One of the most important properties of any regular waveform identifies the number of complete cycles it goes through in a fixed period of time. For standard measurements, the period of time is one second, so the frequency of the wave is commonly measured in cycles per second (cycles/sec) and, in normal usage, is expressed in units of Hertz (Hz). It is represented in mathematical equations by the letter 'f.' In North America (primarily the US and Canada), the AC power system operates at a frequency of 60 Hz. In Europe, including the UK, Ireland, and Scotland, the power system operates at a frequency of 50 Hz. 

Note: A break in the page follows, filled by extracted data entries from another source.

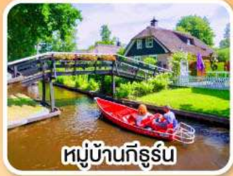
หมู่บ้านทีร์ูร์น
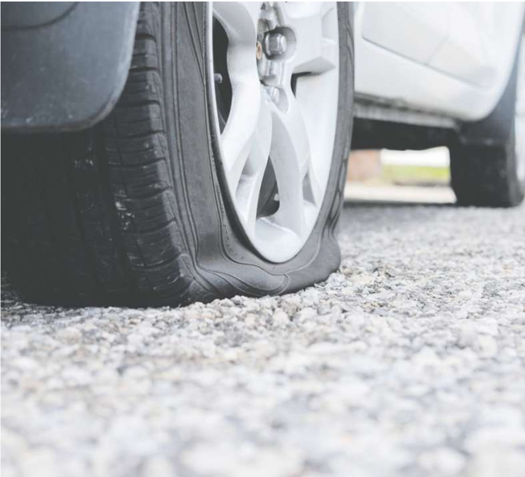
Eine Reifenreparatur ist oft günstiger und schont Ressourcen.

Felge zu demontieren. Nur so kann ihn der Fachmann in seiner Gesamtheit auch von innen prüfen: ob zum Beispiel die Seitenwand unbeschädigt geblieben ist oder der Durchstich zu groß ist. „Bei einer Reifenreparatur von außen fehlt diese Sicherheit. Das Risiko eines Reifenausfalls, unter Umständen bei höheren Fahrgeschwindigkeiten, fährt dann immer mit“, warnt der Experte. „Aus technischer Sicht ist die eigentliche Reifenreparatur heute kein Hexenwerk mehr“, sagt der DEKRA Reifensachverständige. Sie wird den Verbrauchern gegenüber sogar immer wieder als einfache, in Eigenregie durchzuführende Lösung suggeriert. Der Experte empfiehlt Laien jedoch, die Finger davon zu lassen. Neben Ausbil-
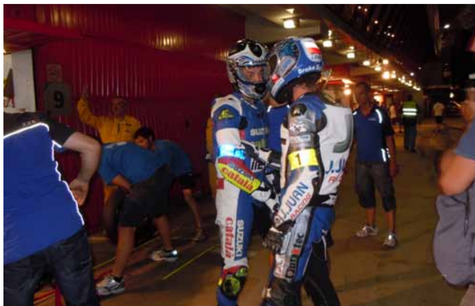
El cambio de impresiones entre los pilotos es importante en el momento del relevo.
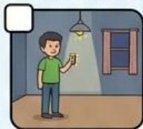
LAMPU MENYALA SAAT TERANG
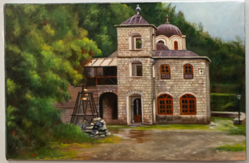
THE HOUSE BY THE SEA
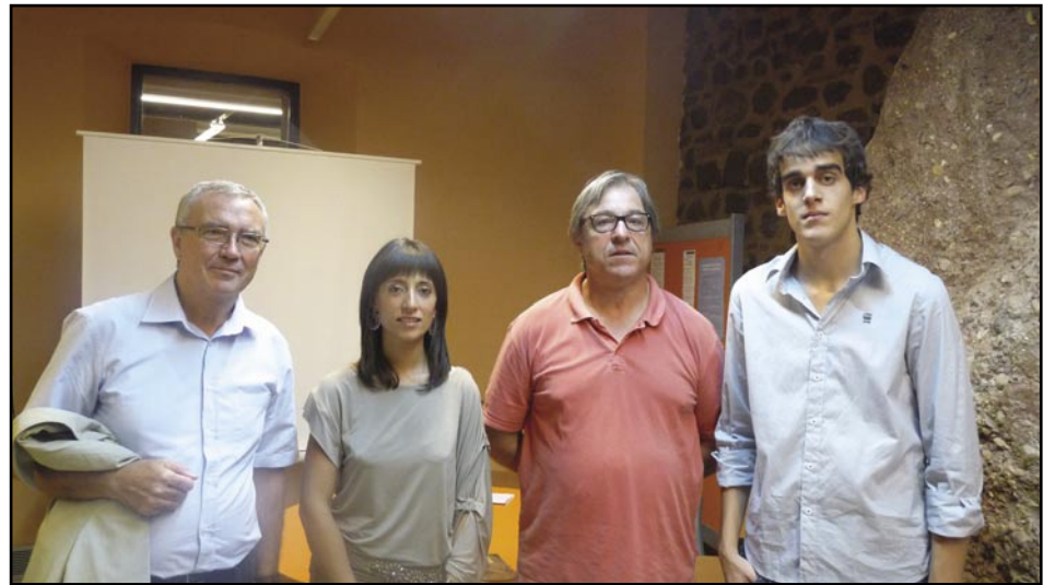
Guia a Vacarisses

La guia, que ha tingut una gran acceptació entre els olesans, presenta 20 itineraris diferents amb informació patrimonial i històrica dels indrets naturals que es proposen visitar, i 12 fotografies panoràmiques amb una
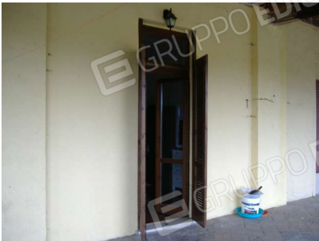
P.1 – Prospetto sud (lato camera)
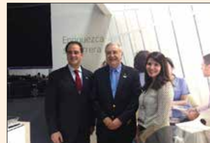
Everepuditisi ventiunt laut a dolupti-nullo omnim alique quo il id quaecae corruptasit molupti solestiam eari
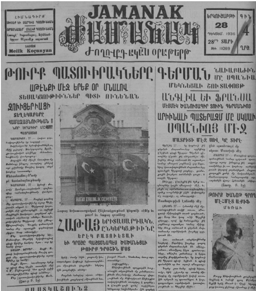
Ek 10: Jamanak (Türkiye Ermenileri Patriklığı Gazetesi), (28 Aralık 1936)
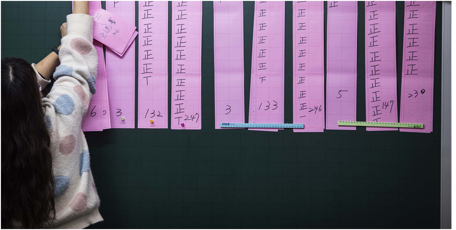
2021年12月18日板桥，投票所内正在唱票。
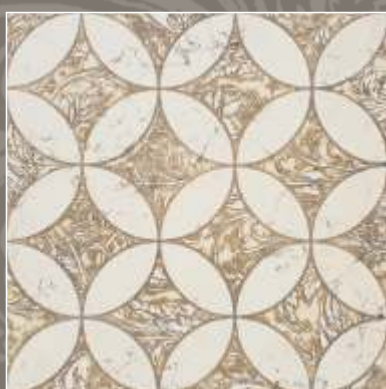
LUMEN OLD G Biancone
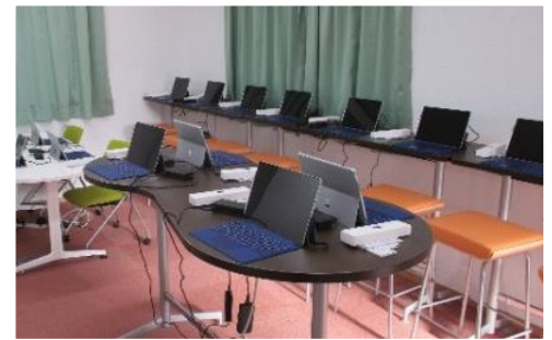
記録管理システムの一部
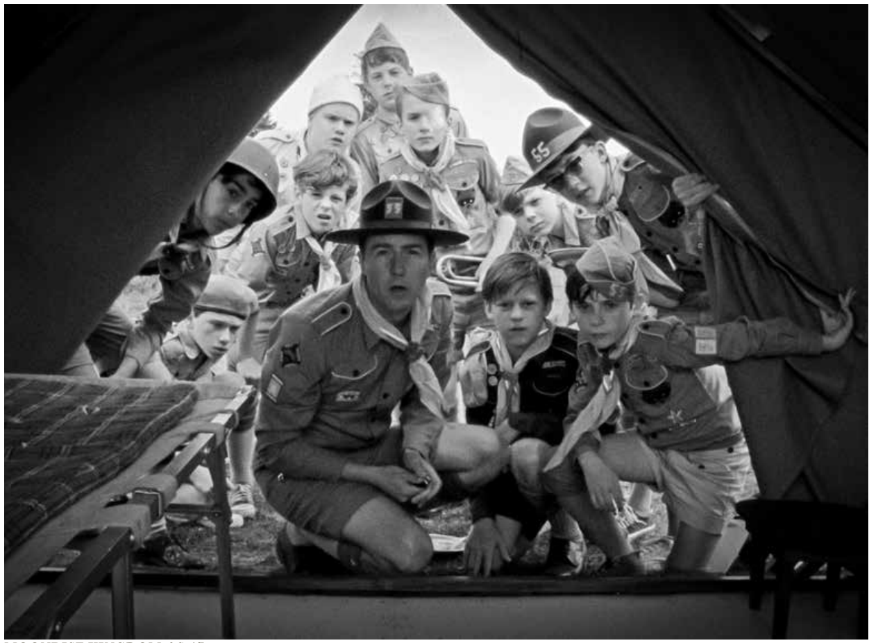
MOONRISE KINGDOM / S.17
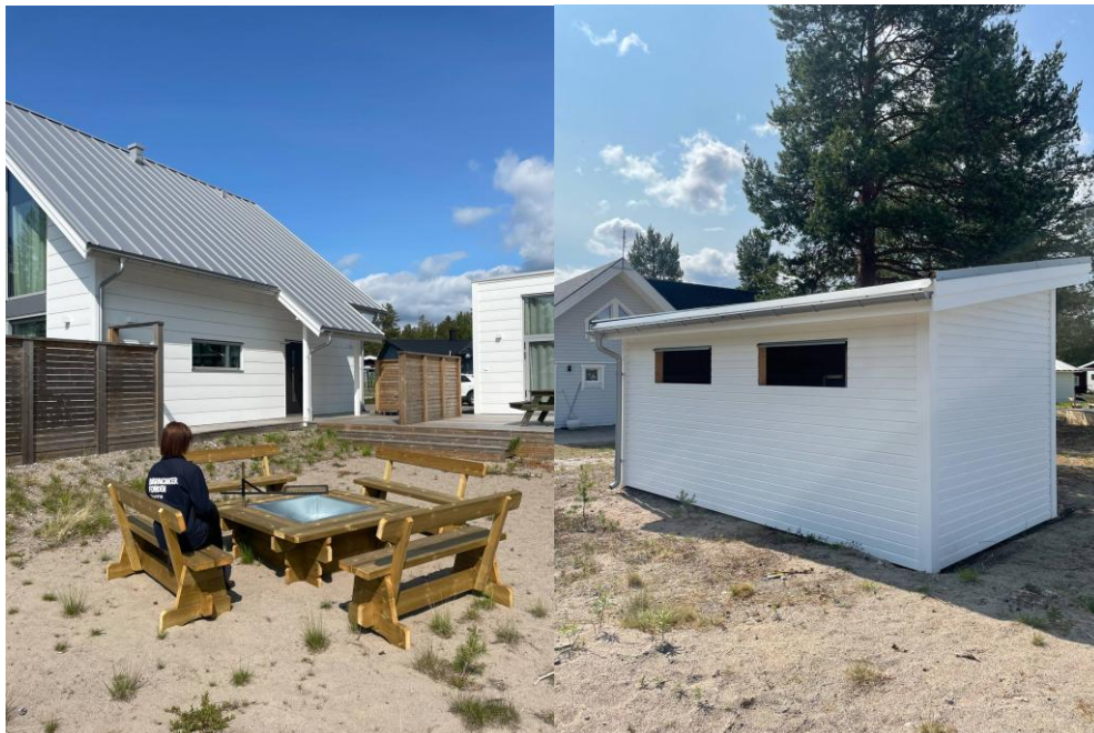
T.v Nya grillplatsen. T.h Nybyggda cykelförrådet.

Under 2025 byggde vi ett nytt cykelförråd och en gemensam grillplats för Lyckebo.

Sometimes we need to know the amount of time required to complete one cycle of the waveform, rather than the number of cycles per second of time. This is logically the reciprocal of frequency. Thus, period is the time duration of one cycle of the waveform, and is measured in seconds/cycle. AC power at 50 Hz will have a period of 1/50 = 0.02 seconds/cycle. A 60 Hz power system has a period of 1/60  =  0.016667 seconds/cycle. These are often expressed as 20 ms/cycle or 16.6667 ms/cycle, where 1 ms is 1 millisecond = 0.001 second (1/1000 of a second). 


  • The Period, (T) is the length of time in seconds that the waveform takes to repeat itself from start to finish. This can also be called the Periodic Time of the waveform for sine waves, or the Pulse Width for square waves.

  • The Frequency, (ƒ) is the number of times the waveform repeats itself within a one second time period. Frequency is the reciprocal of the time period, ( ƒ = 1/T ) with the unit of frequency being the Hertz, (Hz).